Игорь подумал: а как же он позвонит Яблочкиной? Не успеть. А завтра воскресенье. Придется отложить до понедельника. Обидно. Ну да ничего. Сроков ему не давали, днем раньше или позже — значения не имеет. Да и за это время он найдет кого-нибудь вместо Татьянки. Раз есть уговор, что будет инициативная шестерка, значит, должно быть шесть подписей. А что, если Емельяна уговорить? Нет, лучше кого-нибудь другого. И спросил:

— А завтра работаем иль выходной?

— Как полагается — выходной. Это только раньше бывало воскресенье не воскресенье, май не май — трактористы без выходного, — никакого тебе порядка. В праздник — работа, а по будням — то опоздает, то прогуляет. И на все оправдание: мол, круглый год вкалываю. А завтра у меня особый выходной. Завтра я новорожденный. Сорок лет стукнет Жинка решила устроить праздник… Приходи и ты, Игорь! Придешь?

— Обязательно, — с готовностью сказал Игорь.

— И Наталье Захаровне передай мое приглашение. Только приходите под вечер. — Он хотел еще что-то добавить, но вспомнив, что надо еще в кладовой мастерских получить запасные детали для ремонта трактора, достал на ходу из сумки требование с резолюцией Русакова и протянул Игорю. — А знаешь что? Получи-ка все, что полагается, а я, пока ты там проканителишься, успею почистить машину.

Игорь взял требование и в первом же проулке свернул к мастерским. Несмотря на ранний час, около кладовой было людно. Видно, не ему одному предстояло мытариться с кладовой добрый час. Сначала Кабанова выпишет наряд, потом иди с ним к кладовщику, а тот пока найдет на своих полках что надо, много времени пройдет. Он подошел к дверям кладовой, поздоровался с Рюмахиным и Игнашовым, которые тоже были тут, и заглянул в окошко конторки. Ого, Луша на месте. И кладовщик уже пришел…

— А ты не спеши, — сказал Володька. — Их величество не принимает.

— Какое еще величество… А ну пусти-ка!

— И не вздумай соваться… Еще обозлишь нашу Лушеньку.

Игорь подошел к раскрытому окну конторки. У окна какой-то тракторист, видимо, из другой, не Пустошской бригады, умолял Лукерью Кабанову:

— Выпиши мне наряд… Долго ли? И кладовщик сразу выдаст. Только и надо — два поршневых кольца.

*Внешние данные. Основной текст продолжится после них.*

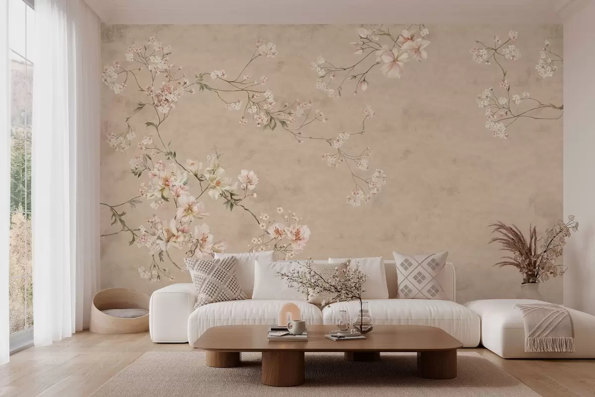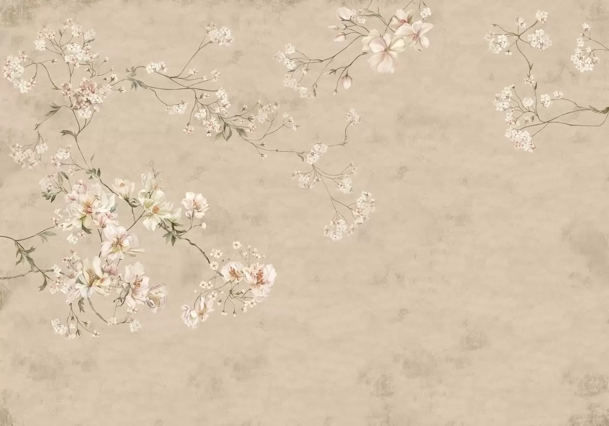 Fototapeten Blütenzweige im Chinoiserie-Stil auf warmem beigem Hintergrund N° w05427v2

Лукерья словно не замечала тракториста. Но когда он снова стал ее упрашивать, она негодующе проговорила, смотря куда-то в сторону:

— Можно подумать, что все вы читать разучились.

— Да ведь время.

— И у меня время… С шести до шести. С двенадцати до двух перерыв.

— Да что тебя, убавит иль прибавит, — совсем разъярился тракторист. — И черт вас, ученых, нагнал в колхоз. Комсомольцами еще называетесь.

И тут Игорь не выдержал. Он оттеснил незнакомого тракториста и крикнул в окно:

— Кабанова, ты долго тут будешь безобразничать?!

— А, это ты, Шеломов? — протянула она нараспев. — Очень прошу не кричать на меня…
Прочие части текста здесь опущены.